TASK REQUIREMENTS
Return the data below in full and exactly, except that the pictures are dropped.
** Opening DATASET SECTION block **
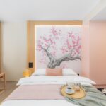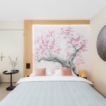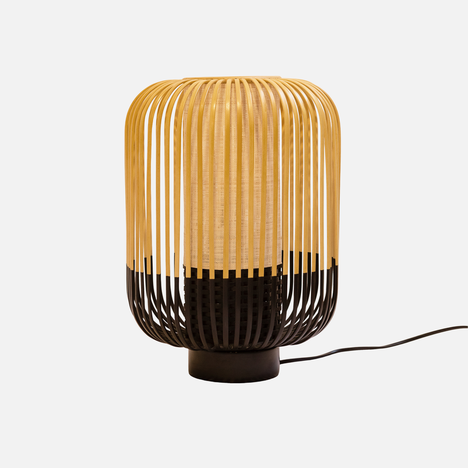 Fabelhafte Lampe aus Bambusstäben, die zarte Schatten an die Wand wirft, schafft einen einzigartigen Einrichtungscharakter. Natürliche Materialien passen perfekt zu trendigem und modernem Dekor.
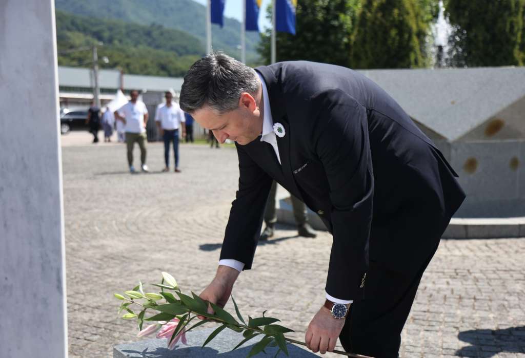 Predsjedavajući Predsjedništva Bosne i Hercegovine Denis Bećirović danas je položio vijenac i odao počast žrtvama genocida u Memorijalnom centru u Potočarima u okviru obilježavanja 29. godišnjice genocida počinjenog nad Bošnjacima u i oko Srebrenice.
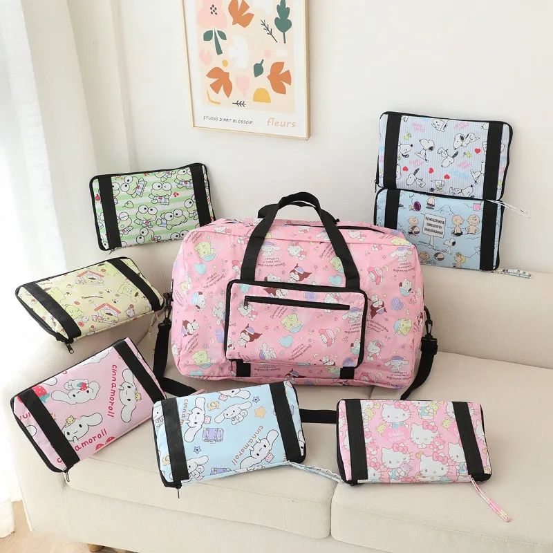 Sanrio Hello Kitty Travel Bag Cinnamoroll Keroppi Cartoon Foldable Water Proof Luggage Bag Clothing Storage Bag High Capacity
** Closing DATASET SECTION block **
RESULT OF THIS EXERCISE
 Fabelhafte Lampe aus Bambusstäben, die zarte Schatten an die Wand wirft, schafft einen einzigartigen Einrichtungscharakter. Natürliche Materialien passen perfekt zu trendigem und modernem Dekor.
 Predsjedavajući Predsjedništva Bosne i Hercegovine Denis Bećirović danas je položio vijenac i odao počast žrtvama genocida u Memorijalnom centru u Potočarima u okviru obilježavanja 29. godišnjice genocida počinjenog nad Bošnjacima u i oko Srebrenice.
 Sanrio Hello Kitty Travel Bag Cinnamoroll Keroppi Cartoon Foldable Water Proof Luggage Bag Clothing Storage Bag High Capacity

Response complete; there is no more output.